Светская жизнь часто даже у раннего Пруста — разрыв с чем-то ценным, неповторимым, но разрыв, который компенсируется наслаждениями. Элегантность сразу же вырисовывается у Пруста в роли характерной черты, отличительной особенности, почти символа светского общества.
И какая бы доля порицания этого общества в первых произведениях Пруста ни таилась, выдвижение на первый план этого символического понятия говорило о том, как ослеплен был молодой человек внешним блеском светского общества, насколько узки были его критерии, поверхностны его оценки.
Но наблюдательности этот молодой человек лишен не был — наоборот.[49] Вот почему произведения первого сборника — по большей части фрагменты. Можно, конечно, сблизить жанр первых прозаических опытов Пруста с популярным тогда типом импрессионистской зарисовки. В годы, когда так велика была слава Гонкуров, когда за Франсом сохранялась известность метра импрессионистической прозы, когда властвовали над умами художники-импрессионисты, когда писать «дневники», публиковать «заметки» и превращать повествование во «фрагменты» было принято, — в эти годы появление книги, состоящей из миниатюр, кажется совершенно понятным. Еще понятнее это становится, если представить себе, в какой степени неоформленным, узким, поверхностным было миропонимание Пруста — и в какой степени он был наблюдательным, этот посетитель салонов, который сознавался в желании «все перечувствовать» и в котором через несколько лет вдруг проявит себя художник большой силы.
Вот и возникали «фрагменты» — результат наблюдений внимательного, но подпавшего под чары «светскости» человека, его заметки, зарисовки, чувства и мысли, которые еще не собраны в какую-либо систему. Это стадия эмпирического, «на ощупь» ознакомления с миром.

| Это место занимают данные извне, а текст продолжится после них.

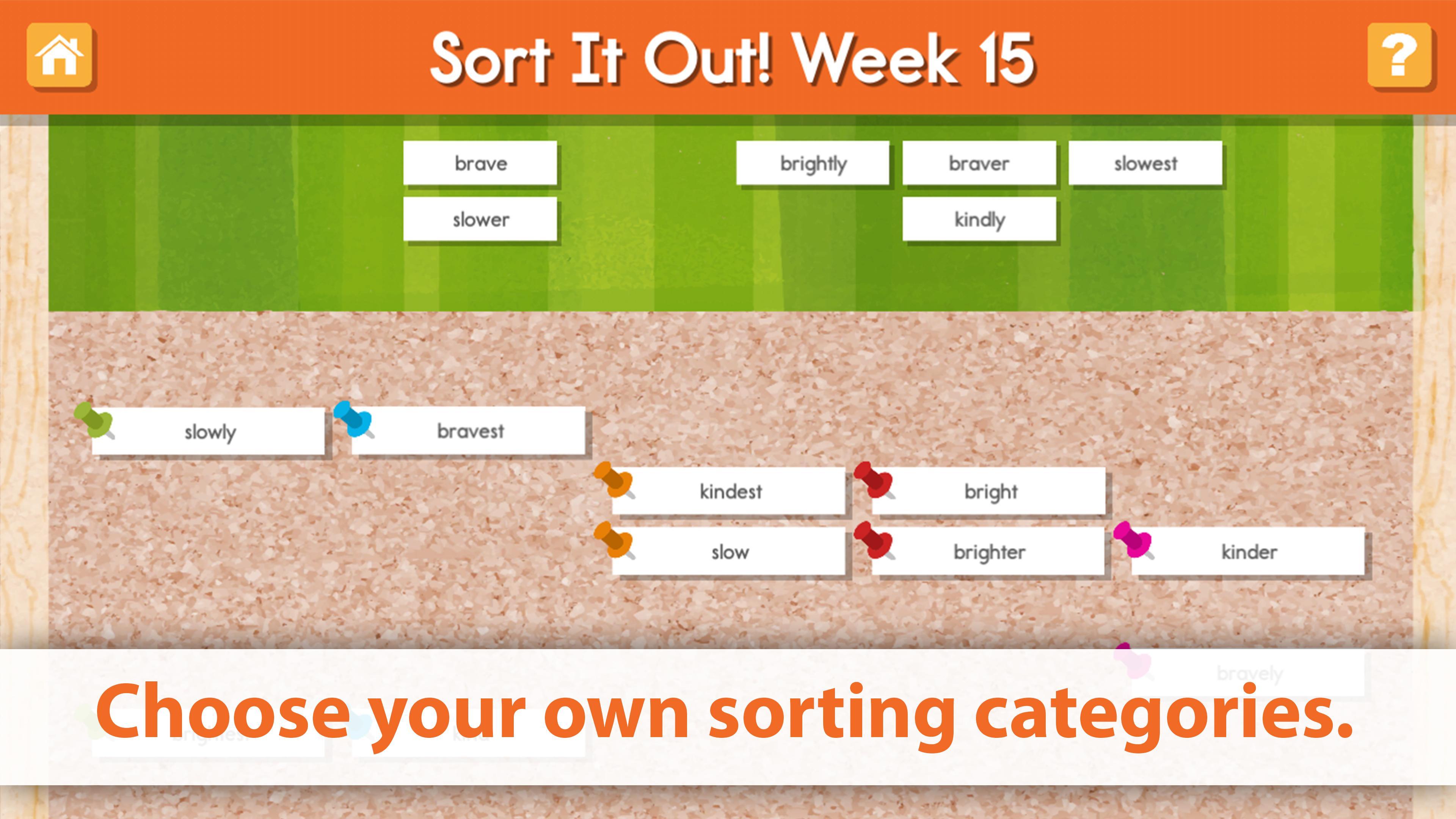 En construisant ce mot!, Les enfants entendent un mot, puis assemblent le mot en commandant des lettres ou des groupes de lettres. En trier!, Les enfants catégorisent des mots en fonction de l'orthographe, du son ou d'autres attributs. Les deux jeux incluent des animations amusantes à mesure que les enfants progressent à travers les jeux.

В начале — «Фрагменты Итальянской Комедии». Это четырнадцать миниатюр, напоминающих об импрессионистическом «секундном стиле», четырнадцать «зарисовок», иногда действительно кажущихся фиксациями какого-то мгновения, какой-то сцены, рисунком лица, почему-то остановившего внимание писателя. Трудно сказать, почему именно это лицо, а не иное. Нет еще характерных типов, нет четко выраженных индивидуальностей. В общей картине Пруст видит черты так привлекающей его элегантности и так интересующего «снобизма». Вырисовываются мало-помалу и характерные нравы; Пруст еще несмело и неумело пытается вскрыть психологический механизм «светскости», проникнуть в душу «снобов» — с азартом и видимым удовольствием, как бы сливаясь временами со своими героями, обращаясь к ним запросто, иногда с сочувствием, порой с иронией. Эта близость мешает увидеть больше, чем бросается в глаза в салоне, и взгляд, пытливый, пристальный, скользит часто по мелочам, касается поверхности. Но иногда он останавливается и на симптоматическом, характерном, улавливает приметы «суетной жизни призраков, искусственного веселья салонов», приметы театральности и нарочитости, «игры» в жизнь. И тогда Пруст говорит: «Если вы насытили время чтением или раздумьем, вы сохраните богатое воспоминание о часах глубоких и заполненных. Имейте мужество взять лопату и грабли. Однажды вы с наслаждением услышите в вашей памяти тонкий запах, как бы исходящий из садовой тачки, наполненной до краев».[50]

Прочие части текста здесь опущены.